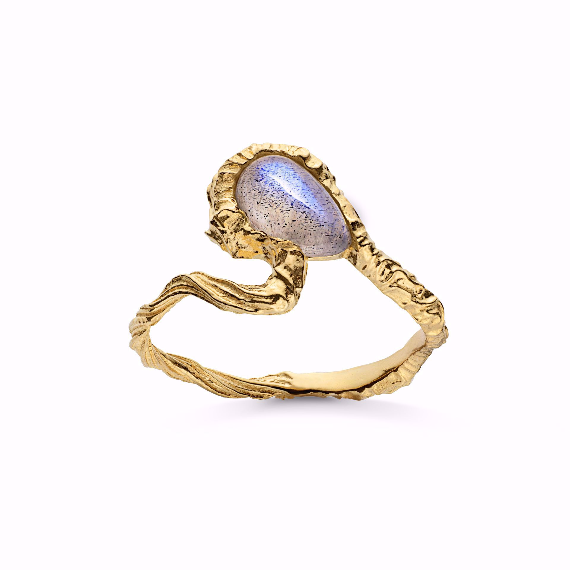 Alba ringen har en fin tvinnet og bølget tekstur, som sammensmeltes med en flott mandelformet labradoritt. Materiale: Sterlingsølv (925), belagt med 18 karat gull, labradorit
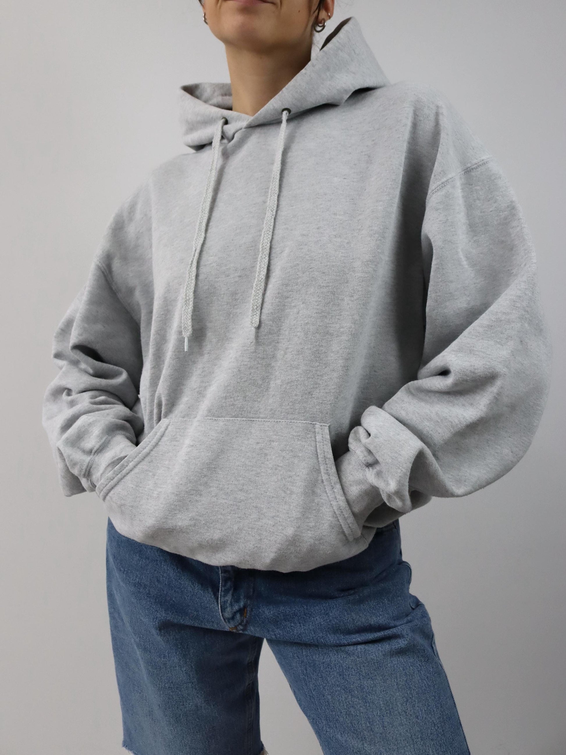 Vintage 90er Y2k FRUIT of the LOOM Hoodie Pullover Kapuze grau meliert XL
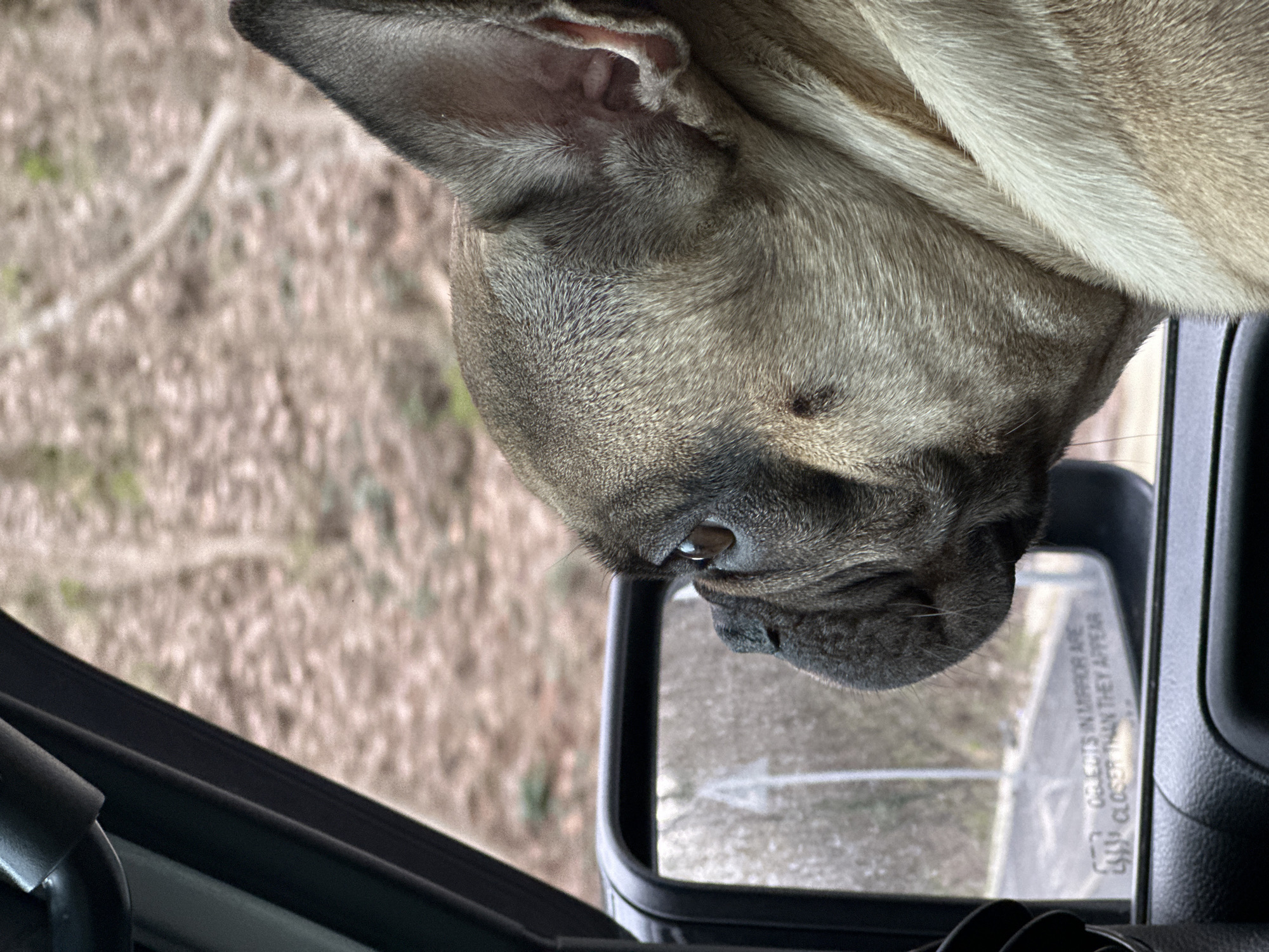 - "head of a fawn-colored French Bulldog dog positioned close to the side mirror of a vehicle" by FM-bmx3i1, licensed under CC BY 4.0

ACTIVITY :: What is needed is an exact repeat of only the lines from the one containing "Vintage 90er Y2k" through the last line of the listing above, both ends included, without the pictures.

TASK SOLUTION ::
 Vintage 90er Y2k FRUIT of the LOOM Hoodie Pullover Kapuze grau meliert XL
 - "head of a fawn-colored French Bulldog dog positioned close to the side mirror of a vehicle" by FM-bmx3i1, licensed under CC BY 4.0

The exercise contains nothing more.